Although the H1N1 influenza virus has garnered most of the media attention, protecting children against standard strains of influenza has generally been shown to be cost effective. However, the cost effectiveness depends on the timing. The flu season generally lasts from September to June, but flu generally has the highest incidence in November and December. A paper by Yee et al. (2010) claims that getting all kids immunized could save society between $6.4 million and $9.2 million. Even third party payers (i.e., insurers) save between $4.1 and $6.1 million due to decrease hospitalization and illness.
The authors find that vaccinating children is cost-effective until December for trivalent inactivated viral vaccine (TIV). Live attenuated influenza vaccine (LAIV) , however, is only cost effective through November. But should you believe these recommendations?
The authors estimates of the benefit of moving vaccinations forward seem reliable. When you are vaccinated earlier in the flu season, you will be inoculated against the virus for a longer period of time. This will decrease the risk of hospitalizations, additional physician visits, and absences from work.
What the paper ignores, however, is the supply-side effect of moving all children’s influenza vaccinations to October. First, inventory costs from storing larger quantities of vaccine will increase. Lee and co-authors also assume constant returns to scale in the production of vaccine. They assume that producing more vaccine in a shorter amount of time will not affect the cost per vaccine. However, rushing to produce more vaccine likely will increase the price. The paper says that the H1N1 supplied 70% of the population on time, but this does not necessarily mean that this can be accomplished in a cost-effective manner each year.

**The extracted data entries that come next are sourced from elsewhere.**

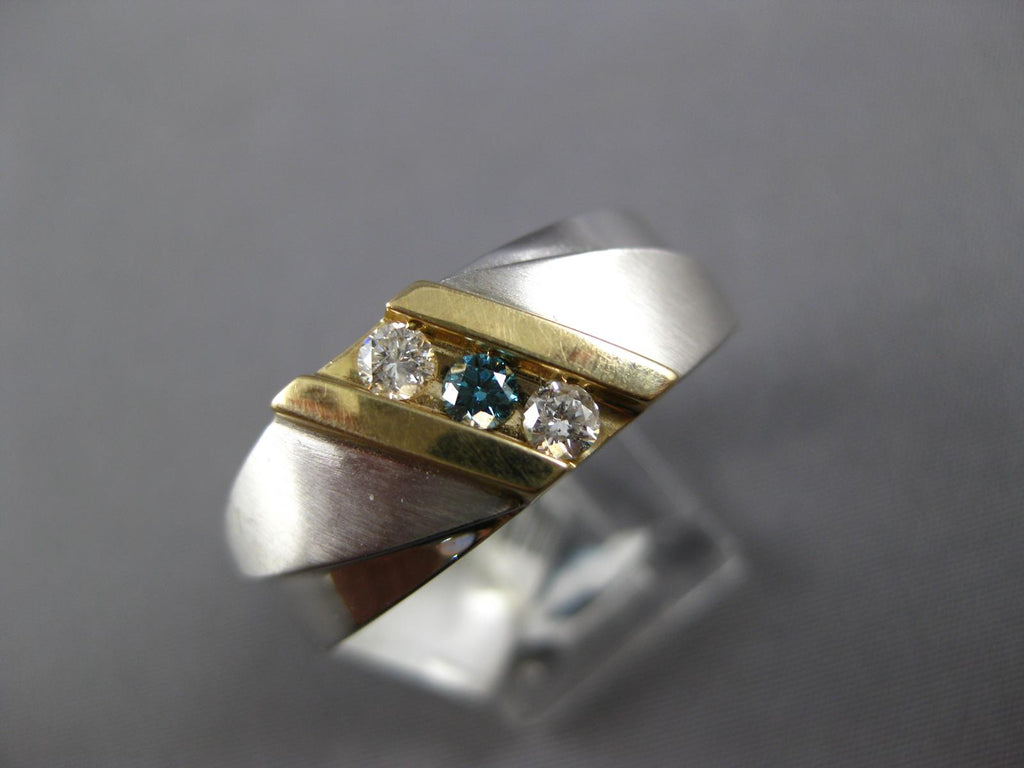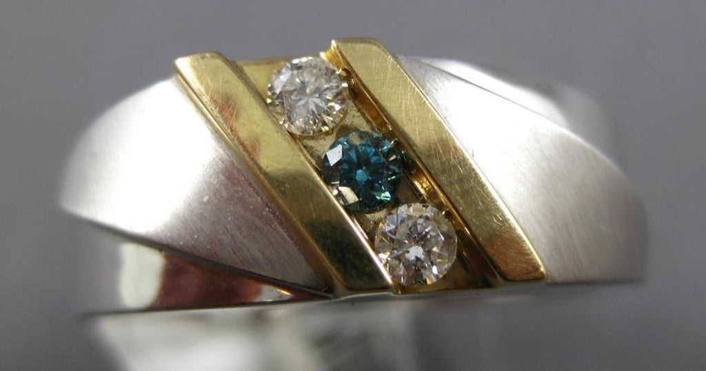 14KT WHITE AND YELLOW GOLD MENS RING. 3D THREE STONE DIAGONAL MATTE AND SHINY CLASSIC DESIGN. DIAMONDS ARE F/G COLOR, VSSI CLARITY. WHITE AND BLUE DIAMONDS ARE .25 CARATS. MEASURES 8mm WIDE. RING SIZE 10.5. CAN BE SIZED BY OUR MASTER JEWELER UPON REQUEST. WRITTEN APPRAISAL AVAILABLE. COMES IN A PRESENTABLE GIFT BOX.
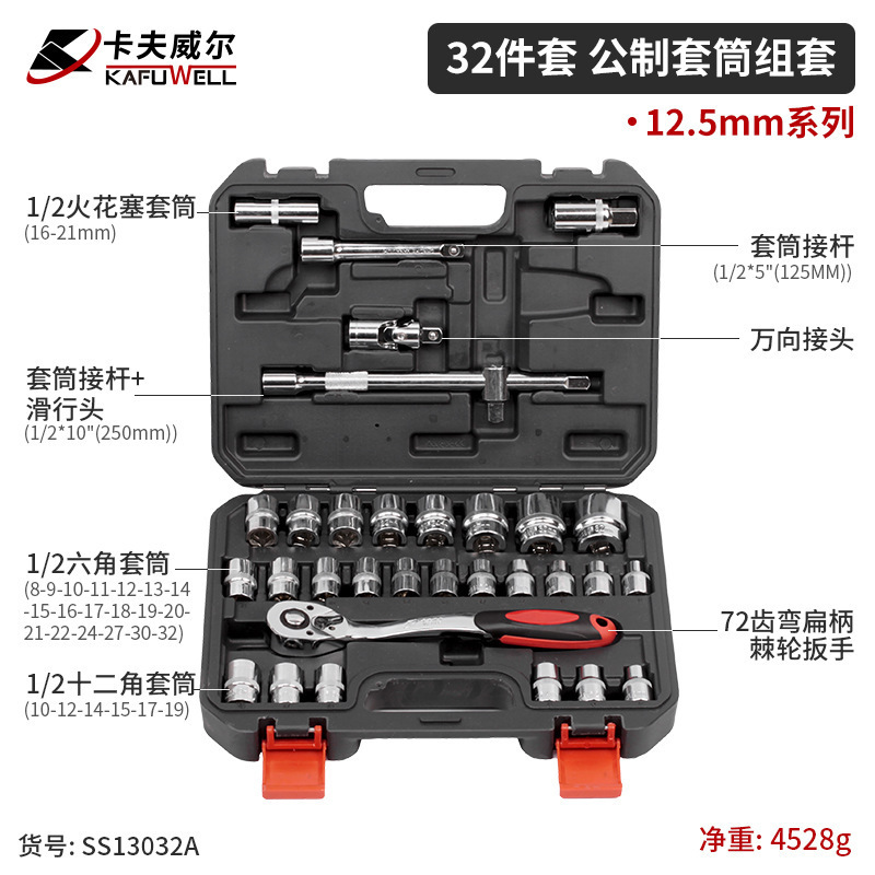 • 32피스 12.5MM 선형 미터법 소켓 세트 도구 세트
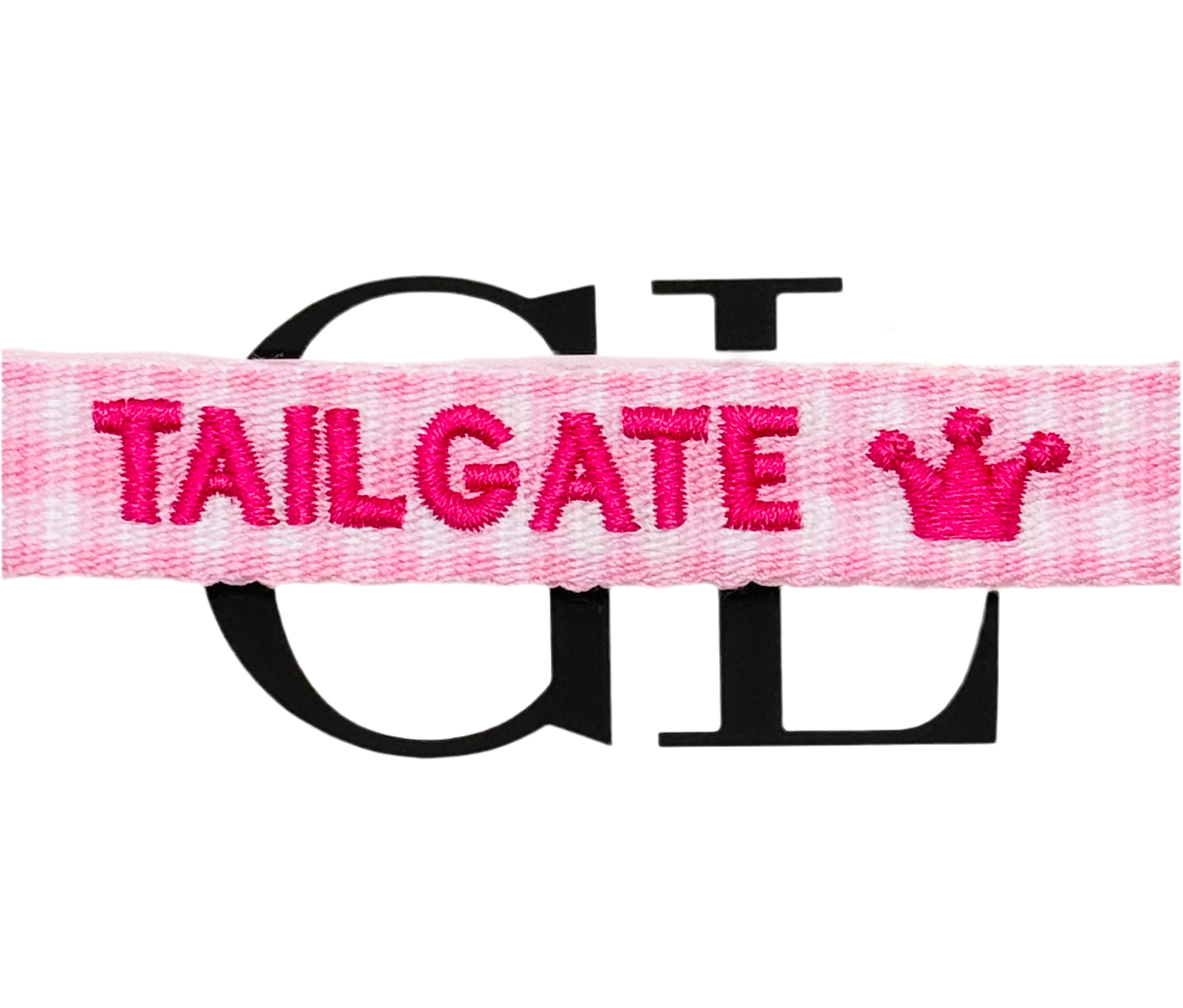 Pink and white gingham pattern with hot pink embroidered tailgate with crown symbol. One size fits all. Self tie.
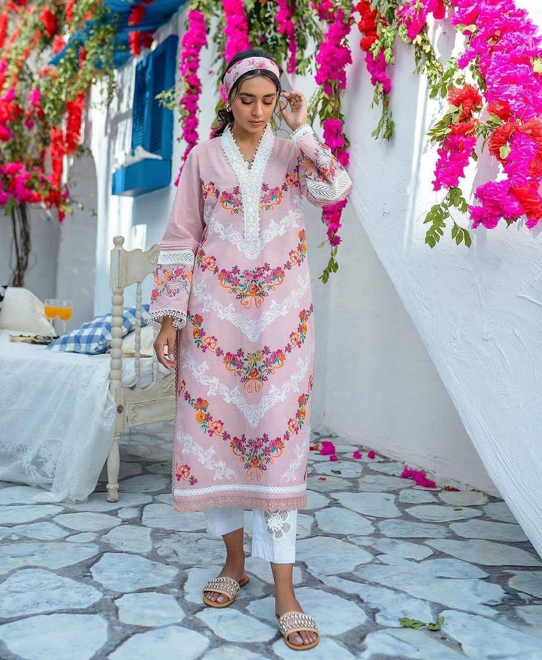 Multi Thread Embroidered Paper Cotton Sleeves & Milky Lace

Another point to consider is the additional labor cost required to vaccinate children in so short a time period. Medical staffing hours will have to increase in October to meet the seasonal demand and overtime will increase. One solution is to use pharmacies to fill the unmet vaccine demand.

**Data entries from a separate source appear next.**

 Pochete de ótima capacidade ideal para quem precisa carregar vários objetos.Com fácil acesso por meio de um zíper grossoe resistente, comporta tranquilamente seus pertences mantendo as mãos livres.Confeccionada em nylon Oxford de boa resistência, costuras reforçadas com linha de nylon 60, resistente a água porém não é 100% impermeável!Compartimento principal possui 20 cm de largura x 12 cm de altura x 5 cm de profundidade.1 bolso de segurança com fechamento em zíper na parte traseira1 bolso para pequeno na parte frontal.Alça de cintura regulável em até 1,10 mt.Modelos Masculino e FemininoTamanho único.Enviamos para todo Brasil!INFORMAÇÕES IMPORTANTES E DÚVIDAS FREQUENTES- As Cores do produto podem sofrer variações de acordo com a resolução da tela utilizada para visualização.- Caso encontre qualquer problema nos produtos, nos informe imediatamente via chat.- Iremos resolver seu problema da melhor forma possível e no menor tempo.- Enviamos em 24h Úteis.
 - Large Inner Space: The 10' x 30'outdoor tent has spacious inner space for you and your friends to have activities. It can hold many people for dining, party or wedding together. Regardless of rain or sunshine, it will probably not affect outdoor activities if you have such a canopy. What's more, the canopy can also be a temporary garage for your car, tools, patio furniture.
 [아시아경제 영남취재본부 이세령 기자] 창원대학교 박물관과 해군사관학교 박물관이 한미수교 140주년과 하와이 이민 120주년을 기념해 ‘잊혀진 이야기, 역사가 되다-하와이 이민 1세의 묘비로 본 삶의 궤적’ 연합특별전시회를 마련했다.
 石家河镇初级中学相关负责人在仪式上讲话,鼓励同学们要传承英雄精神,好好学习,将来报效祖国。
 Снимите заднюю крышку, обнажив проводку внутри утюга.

Changing the timing of the vaccine will likely affect its efficacy. Shorter turnaround times may give researchers less time to test a vaccine and thus may make it less effective. On the other hand, if more children are vaccinated in October, the likelihood a vaccine will spoil may decrease.
- Bruce Y. Lee; Julie H. Y. Tai; Rachel R. Bailey; Kenneth J. Smith; and Andrew J. Nowalk (2010) “Economics of Influenza Vaccine Administration Timing for Children,” American Journal of Managed Care, v16(3):e75-e85.